Understanding the 2020 Presidential Election Polls

candidates

Final Update: November 3, 2020

For Election Night

Safe States and Swing States: How to track the 2020 Presidential election November 2, 2020

Why is 2020 Different from 2016?

Simple answer is that there is a smaller percentage of undecided and 3rd party voters. Here is a table comparing polling averages from 2016 and 2020 in potential swing states.

	State	Biden (D)	Trump (R)	Undecided & 3rd Party 2020	Clinton (D)	Trump (R)	Undecided & 3rd Party 2016
0	North Carolina	48.8	46.5	4.7	45.5	46.5	8
1	New Hampshire	53.4	42.4	4.2	43.3	42.7	14
2	Texas	45.5	49.5	5	38	50	12
4	Florida	48.9	46.8	4.3	46.4	46.6	7
5	Arizona	49.5	46.3	4.2	42.3	46.3	11.4
6	Wisconsin	49.3	44.7	6	46.8	40.3	12.9
7	Ohio	46.2	46.8	7	42.3	45.8	11.9
8	Pennsylvania	49.5	44.6	5.9	46.2	44.3	9.5
12	Michigan	50.4	42.6	7	45.4	42	12.6
13	Iowa	47.2	46.4	6.4	41.3	44.3	14.4
14	Virginia	51.7	40.3	8	47.3	42.3	10.4
15	Nevada	49	43.8	7.2	45	45.8	9.2
16	Georgia	47.5	46.3	6.2	44.4	49.2	6.4

TL;DR Scenarios

States with a weighted polling average of 50% or higher

Candidate	Strong	Likely	Total
Biden	173	45	218
Trump	67	44	111

If ALL undecided voters in every state vote for Trump

Candidate	Strong	Likely	Total
Biden	181	37	218
Trump	295	25	320

Randomized distribution of undecided voters in every state

Candidate	Strong	Likely	Total
Biden	227	107	334
Trump	111	93	204

NEW
Undecided voters distributed by Partisan Voter Index

Candidate	Strong	Likely	Total
Biden	227	52	279
Trump	215	44	259

Update

I added a fourth scenario to demonstrate how undecided voters can change the outcome of the election. This one uses the Cook Political Report’s Partisan Voter Index to weight how to distribute undecided voters.
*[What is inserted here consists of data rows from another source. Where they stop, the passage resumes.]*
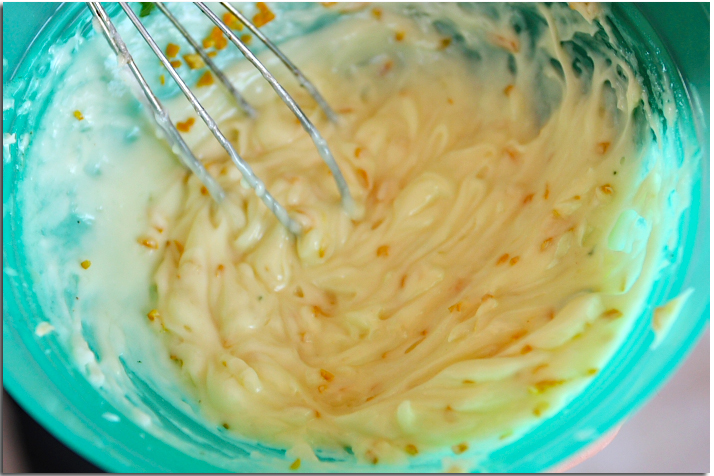 Глазурь готовится до смехотворного просто — даем сливочному маслу постоять в комнатной температуре, пока не станет мягким (но не растопленным!), и затем смешиваем с лимонным и апельсиновым соком , солью и черным перцем. Для пущего эффекта можно добавить немного апельсиновой цедры. Вот и все!
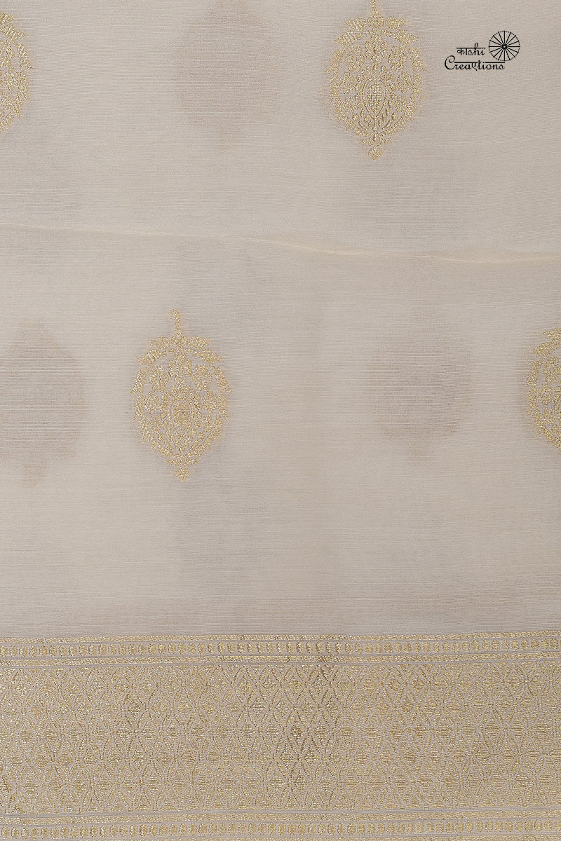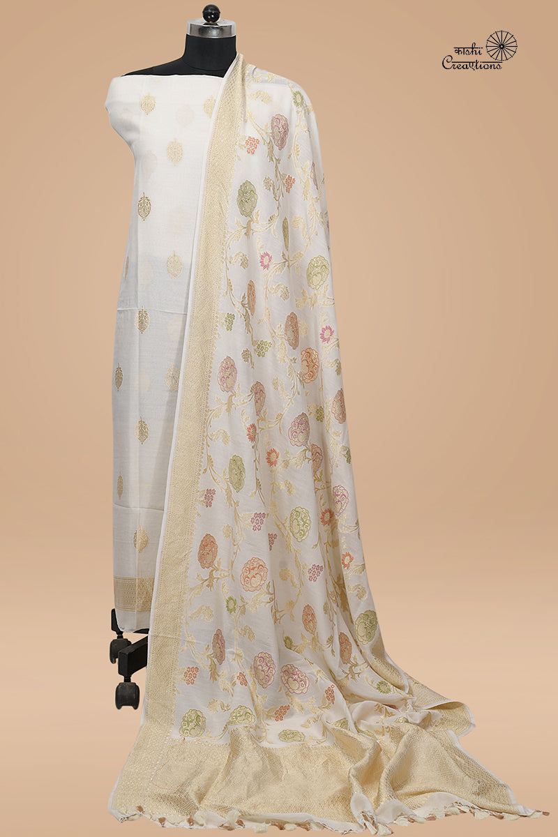 Off White Pure Munga Silk Handloom Bnarasi Suit with Meenakari
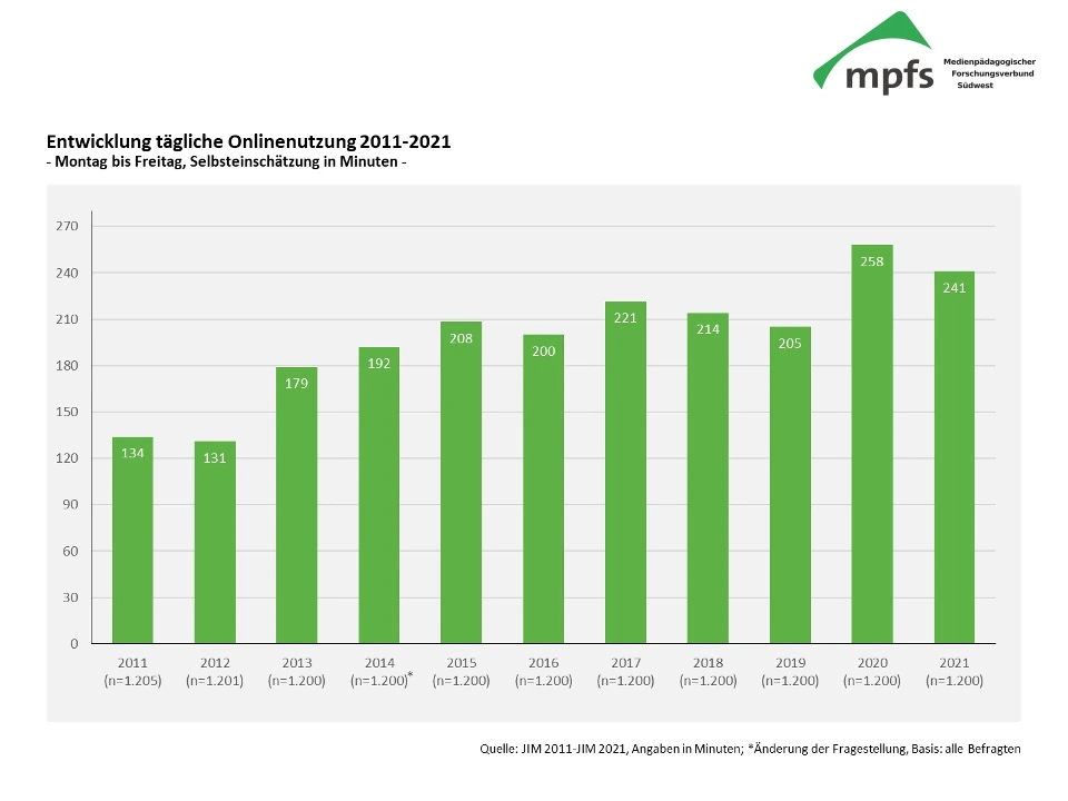 Um nichts zu verpassen, müssen Jugendliche „immer on“ sein. Es herrscht ein Gruppenzwang, dass Kommentare und Beiträge möglichst zeitnah gelesen und beantwortet werden. Diese Omnipräsenz ist ein Zeitfresser und führt dazu, dass die Zeiten, die junge Menschen online verbringen, weiter steigen. So stieg die tägliche Onlinenutzungszeit Jugendlicher von 134 Minuten im Jahr 2011 auf 241 Minuten im Jahr 2021 (vgl. mps, 2021, 55). Ein solches Verhalten kann suchtähnliche Formen annehmen.
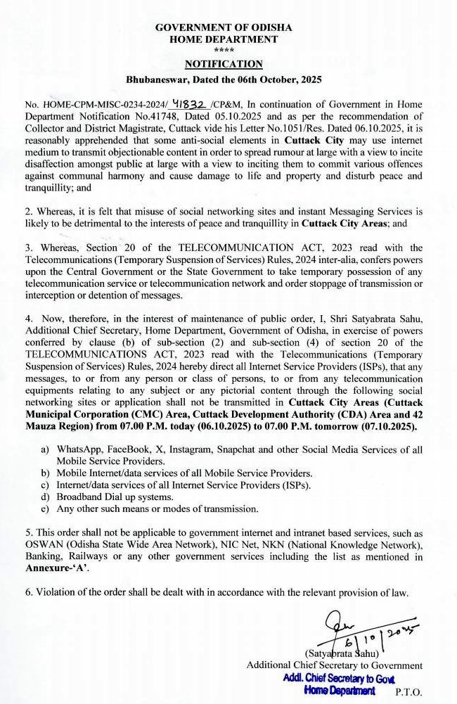 Internet Shutdown imposed in Cuttack, Odisha on 5th October 2025 to 7th October 2025 for …
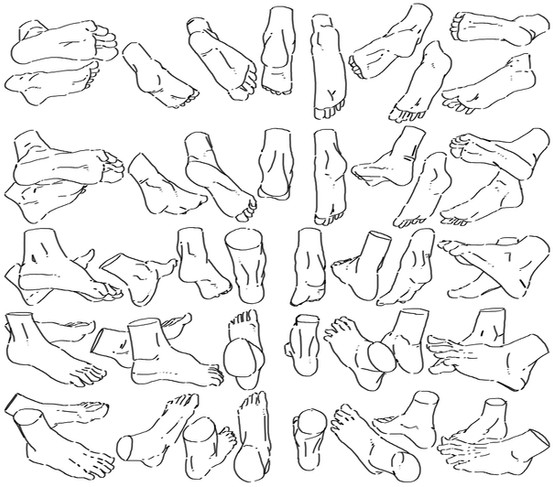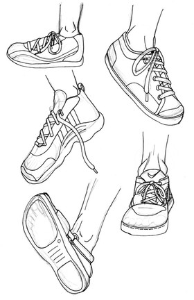 Although it is possible to animate a walk-cycle with a minimal number of drawings, I consider it to be better to have around six per angle (with an exception to the profile angles). This chart provides all the basic shapes needed to draw a walk-cycle for a character wearing sneakers/trainers at eight angles. Flip the image if you need the left shoe. Since I remember having a LOT of trouble drawing feet, I highly encourage beginners to trace these drawings (experienced artists should just use it as a reference). Please link back to me if you use it.
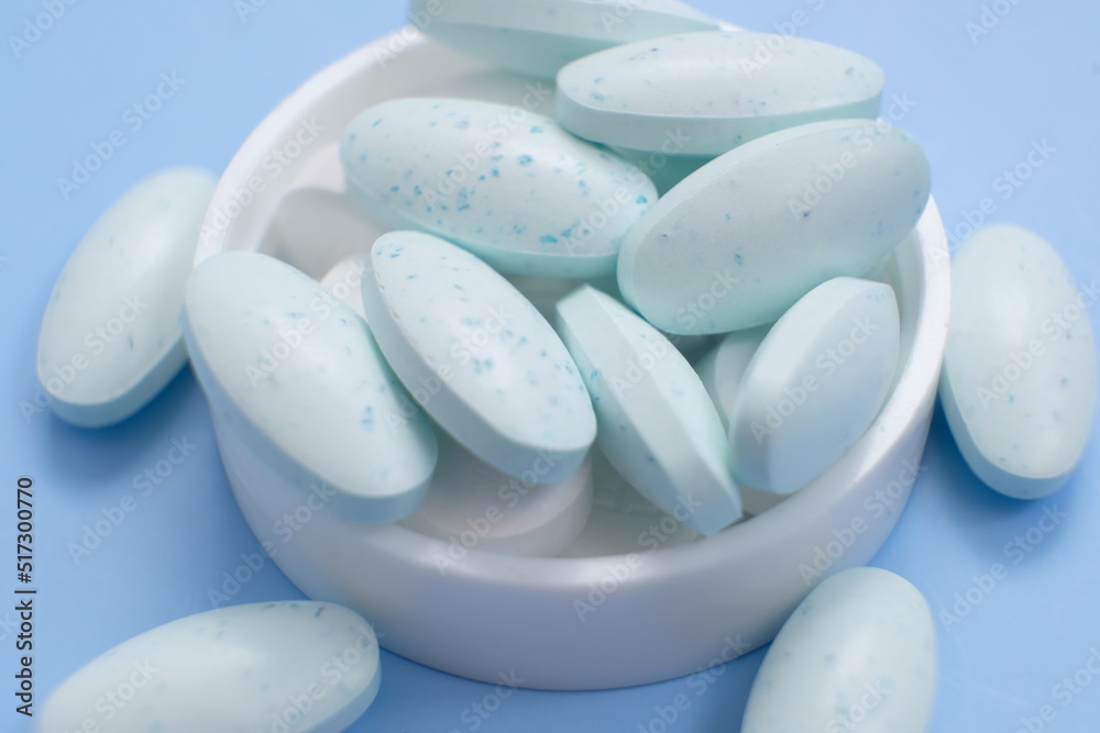 Top view macro of pill and pill spilled from pill bottle with copy space

Keep in mind that an electoral college tally of 270 and above is a win so when a scenario has a winner, that total will be in bold.

Strong and Likely States

In the two graphics below, we have states that are considered strong or likely states for the two candidates. The probability is based upon the weighted average polling for each state and if a candidate can win the state without the support of any undecided voters. Safe states without polling as designated by the Cook Political Report are assigned a probabilty of 1 for the favored candidate and 0 for the opponent.

Biden

Biden Solid States 173
Biden Likely States 45
Biden Solid + Likely States 218

Link to Interactive graphic
Biden Solid and Likely States

biden

Trump

Trump Solid States 67
Trump Likely States 44
Trump Solid + Likely States 111

Link to Interactive graphic
Trump Solid and Likely States

trump

States where undecided voters are most likely to determine the outcome

The table below can be considered the “path to victory” states as both campaigns will pursue several combinations of these states to pass 270 electoral college votes.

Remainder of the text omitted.